TL;DR
This paper introduces a novel coupled dictionary learning method for multi-contrast MRI reconstruction that leverages guidance contrast to improve image quality, demonstrating superior results over existing techniques.
Contribution
The proposed approach uniquely combines coupled dictionary learning, sparse denoising, and k-space consistency to enhance multi-contrast MRI reconstruction using guidance contrast.
Findings
Improved MRI reconstruction quality with guidance contrast.
Outperforms state-of-the-art methods in numerical experiments.

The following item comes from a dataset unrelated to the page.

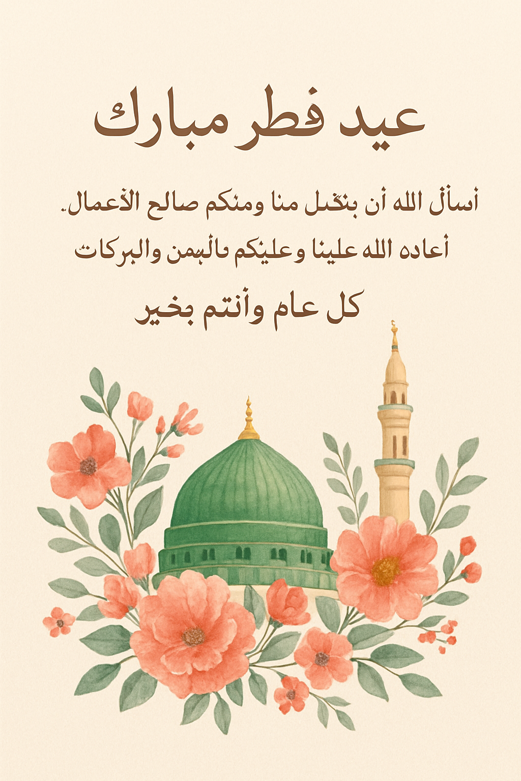 عيد فطر مبارك أسأل الله أن يتقبل منا ومنكم صالح الأعمال، أعاده الله علينا وعليكم باليمن والبركات. كل عام وأنتم بخير،

Effective in handling under-sampled clinical MRI data.
Abstract
Medical imaging tasks often involve multiple contrasts, such as T1- and T2-weighted magnetic resonance imaging (MRI) data. These contrasts capture information associated with the same underlying anatomy and thus exhibit similarities. In this paper, we propose a Coupled Dictionary Learning based multi-contrast MRI reconstruction (CDLMRI) approach to leverage an available guidance contrast to restore the target contrast. Our approach consists of three stages: coupled dictionary learning, coupled sparse denoising, and -space consistency enforcing. The first stage learns a group of dictionaries that capture correlations among multiple contrasts. By capitalizing on the learned adaptive dictionaries, the second stage performs joint sparse coding to denoise the corrupted target image with the aid of a guidance contrast. The third stage enforces consistency between the denoised image and the…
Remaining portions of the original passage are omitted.